_MATERIALS PROVIDED:_

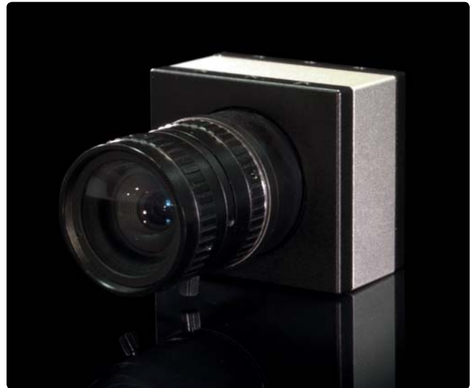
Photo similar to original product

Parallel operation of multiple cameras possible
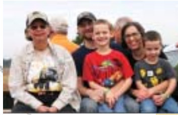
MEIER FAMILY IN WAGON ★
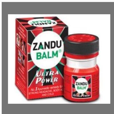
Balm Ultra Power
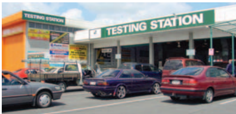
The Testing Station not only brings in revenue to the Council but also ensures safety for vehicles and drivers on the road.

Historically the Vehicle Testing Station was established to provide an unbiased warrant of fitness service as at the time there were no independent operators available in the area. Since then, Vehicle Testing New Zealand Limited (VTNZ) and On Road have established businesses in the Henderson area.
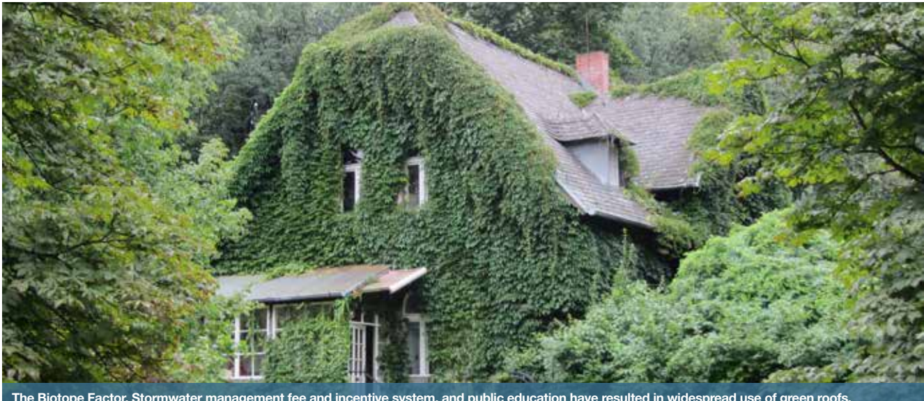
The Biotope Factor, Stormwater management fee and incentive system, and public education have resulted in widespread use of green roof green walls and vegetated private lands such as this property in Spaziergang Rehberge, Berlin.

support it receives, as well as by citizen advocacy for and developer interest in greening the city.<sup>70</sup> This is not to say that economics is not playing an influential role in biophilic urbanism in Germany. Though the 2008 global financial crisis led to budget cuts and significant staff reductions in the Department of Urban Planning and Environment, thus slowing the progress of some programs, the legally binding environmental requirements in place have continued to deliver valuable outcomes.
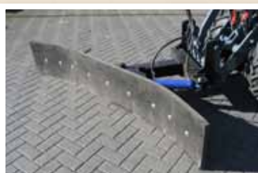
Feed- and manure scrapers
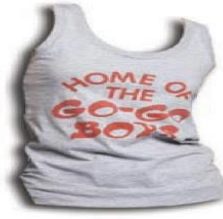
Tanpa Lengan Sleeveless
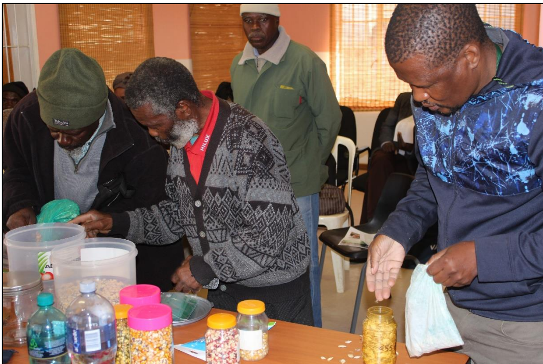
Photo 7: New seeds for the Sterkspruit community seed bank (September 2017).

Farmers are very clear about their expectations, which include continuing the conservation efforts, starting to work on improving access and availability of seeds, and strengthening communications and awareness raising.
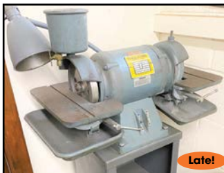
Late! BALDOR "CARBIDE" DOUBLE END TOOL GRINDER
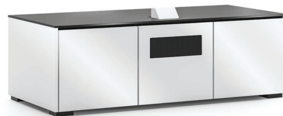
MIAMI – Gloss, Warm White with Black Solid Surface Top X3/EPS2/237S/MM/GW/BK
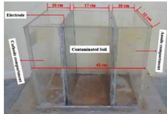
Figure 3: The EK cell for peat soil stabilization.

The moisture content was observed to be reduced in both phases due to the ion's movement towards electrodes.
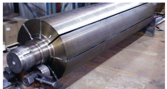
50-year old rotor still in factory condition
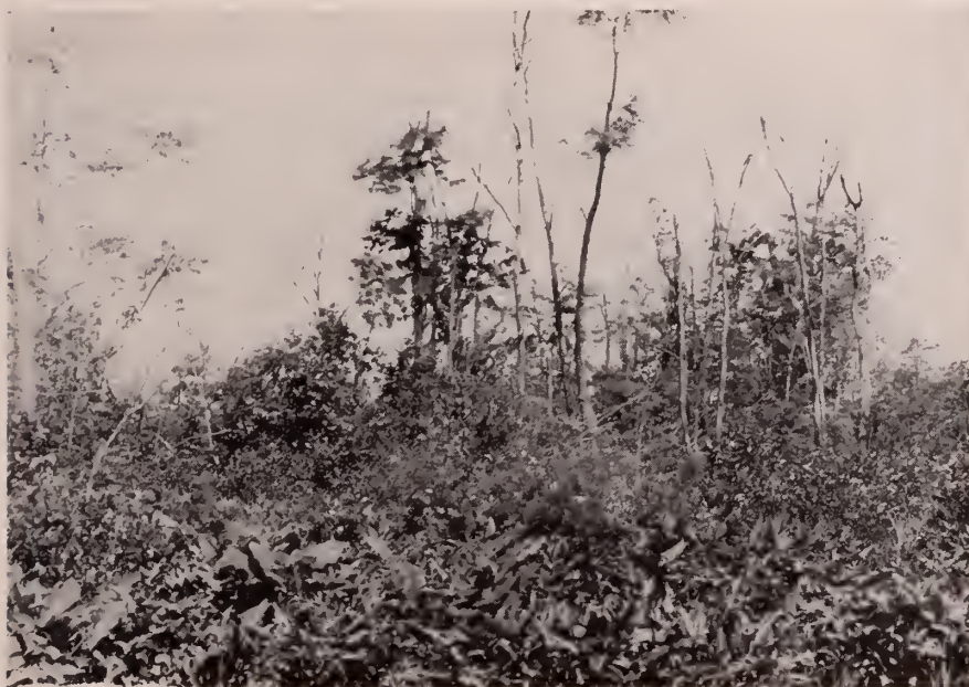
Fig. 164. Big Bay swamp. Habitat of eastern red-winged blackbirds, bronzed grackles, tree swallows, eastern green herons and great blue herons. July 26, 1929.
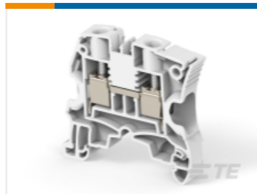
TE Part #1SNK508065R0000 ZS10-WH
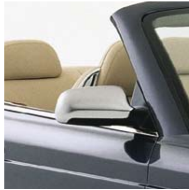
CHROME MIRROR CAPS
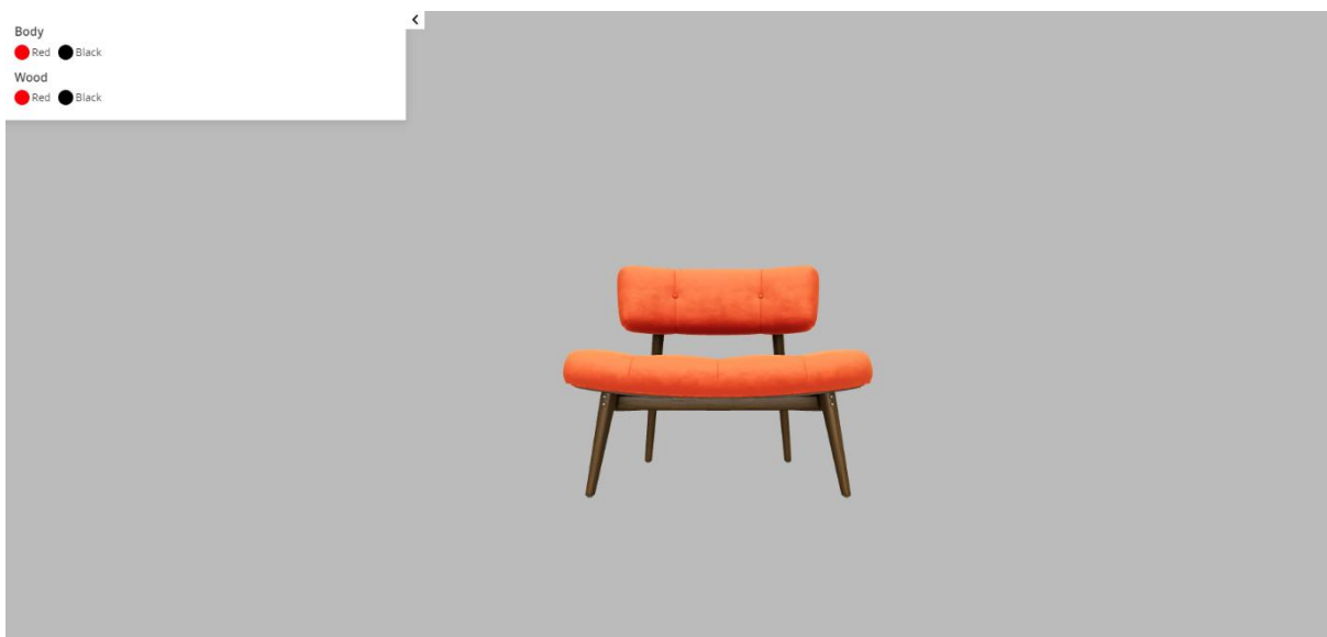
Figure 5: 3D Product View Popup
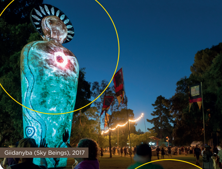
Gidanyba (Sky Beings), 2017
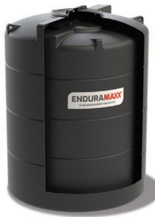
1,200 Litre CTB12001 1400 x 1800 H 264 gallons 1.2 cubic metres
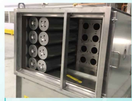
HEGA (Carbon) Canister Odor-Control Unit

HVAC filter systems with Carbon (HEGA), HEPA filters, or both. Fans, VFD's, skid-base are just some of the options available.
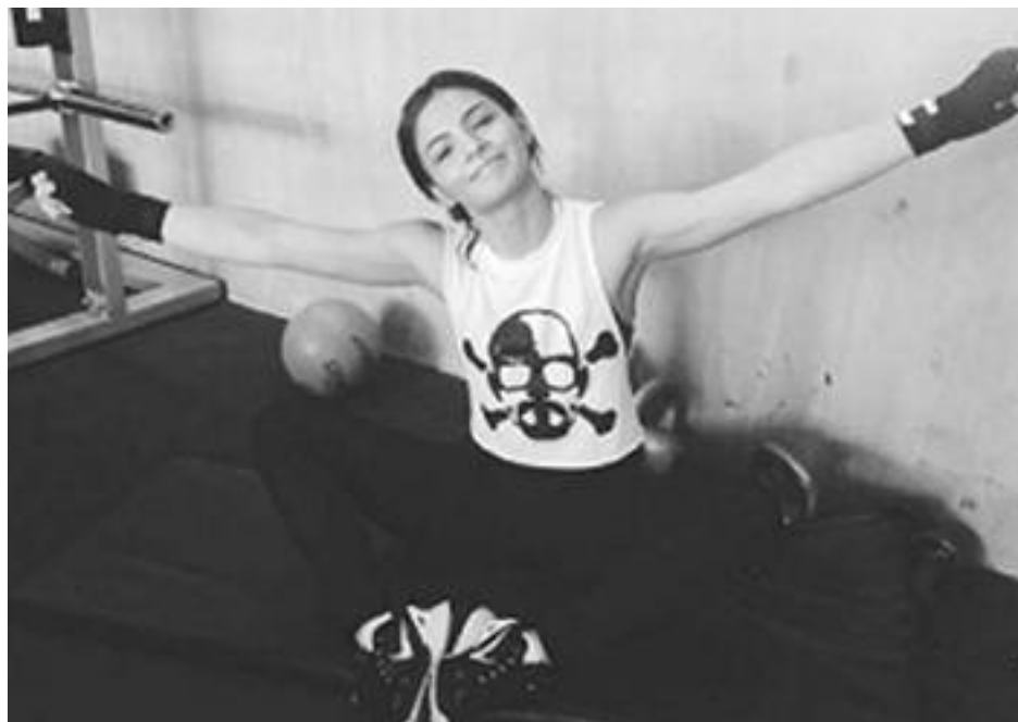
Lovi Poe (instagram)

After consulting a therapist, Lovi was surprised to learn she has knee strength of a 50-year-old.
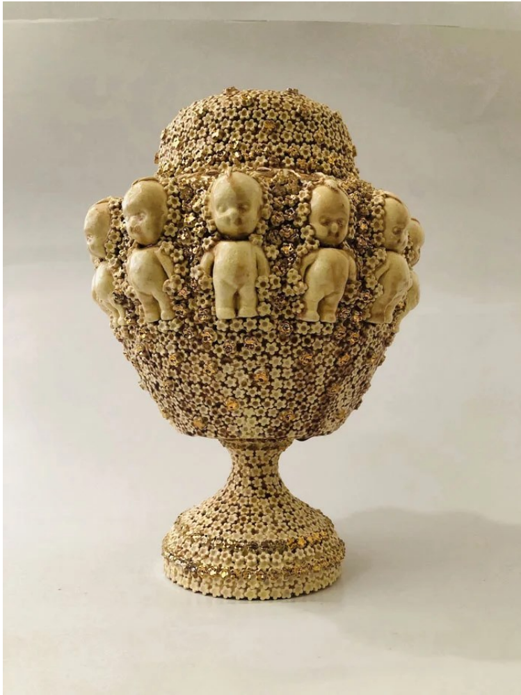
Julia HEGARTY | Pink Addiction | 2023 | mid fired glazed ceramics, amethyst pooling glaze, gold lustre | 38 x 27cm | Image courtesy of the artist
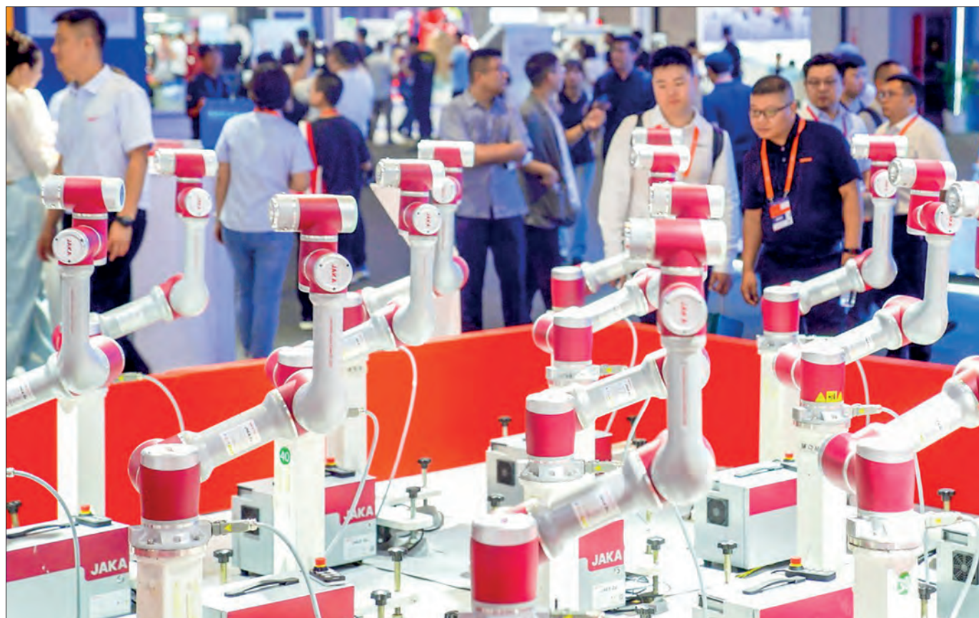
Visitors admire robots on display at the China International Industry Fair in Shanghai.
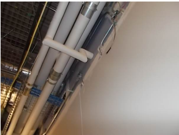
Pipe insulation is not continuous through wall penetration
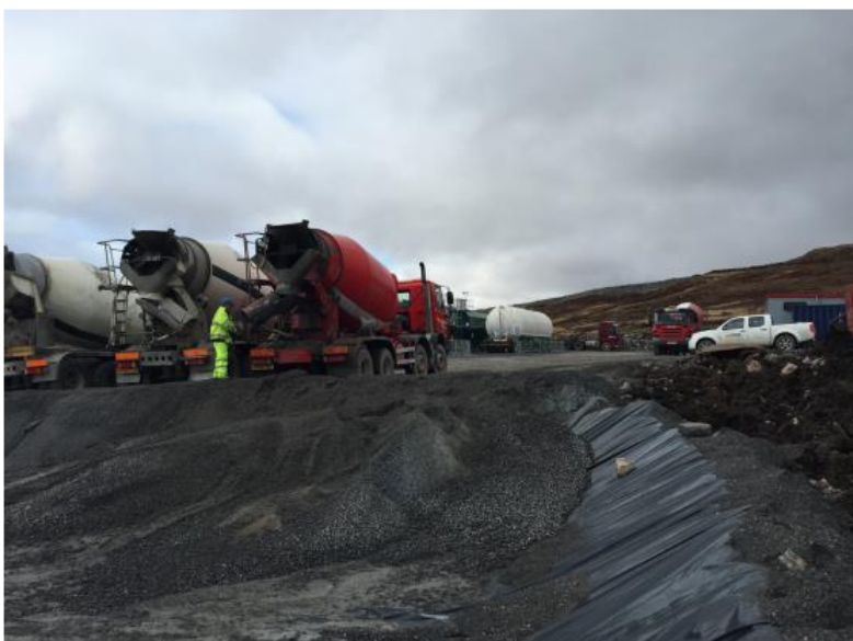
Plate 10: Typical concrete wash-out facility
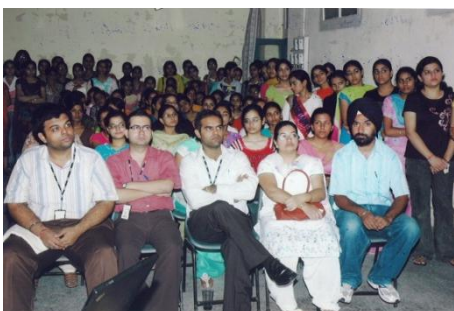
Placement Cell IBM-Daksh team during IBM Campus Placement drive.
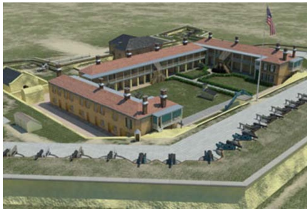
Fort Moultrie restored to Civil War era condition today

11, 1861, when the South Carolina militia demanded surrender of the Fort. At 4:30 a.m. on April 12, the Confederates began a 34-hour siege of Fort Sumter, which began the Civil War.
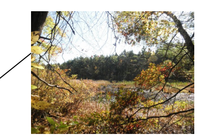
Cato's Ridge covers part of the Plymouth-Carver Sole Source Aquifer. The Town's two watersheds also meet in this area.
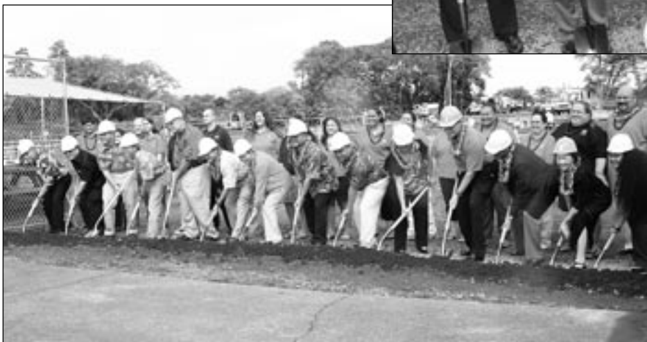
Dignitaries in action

_TASK OBJECTIVE:_ Within the material above, find the part that opens with the line containing "Visitors admire robots" and closes with the line containing "Placement Cell IBM-Daksh", and reproduce it exactly without the pictures.

_WRITTEN ANSWER:_
Visitors admire robots on display at the China International Industry Fair in Shanghai.
Pipe insulation is not continuous through wall penetration
Plate 10: Typical concrete wash-out facility
Placement Cell IBM-Daksh team during IBM Campus Placement drive.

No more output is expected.